*** DATASET EXCERPT Section Begins ***

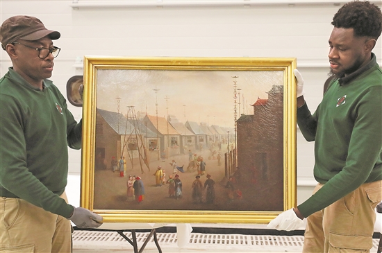 當(dāng)?shù)貢r間3月11日,在法國巴黎近郊的凡爾賽宮,工作人員準(zhǔn)備打包油畫《南京的集市》。新華社記者 高靜 攝
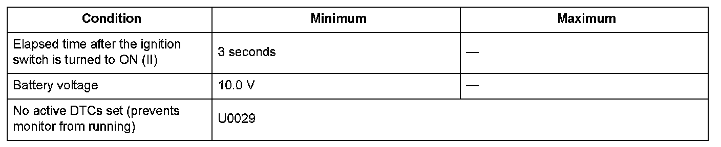 - The ECM/PCM does not receive any signals via the F-CAN lines for at least 1 second.
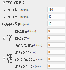 【配置抗剪钢板】【设置拉筋】【设置地脚螺栓】:当预埋件按压弯剪配置,可复选此三项,并为之设置对应的参数。

*** DATASET EXCERPT Section Ends ***

BRIEF: Keep the pictures out of your answer, which should be the lines from the one with "- The ECM/PCM" through the final line of the data, copied exactly.

SOLUTION:
 - The ECM/PCM does not receive any signals via the F-CAN lines for at least 1 second.
 【配置抗剪钢板】【设置拉筋】【设置地脚螺栓】:当预埋件按压弯剪配置,可复选此三项,并为之设置对应的参数。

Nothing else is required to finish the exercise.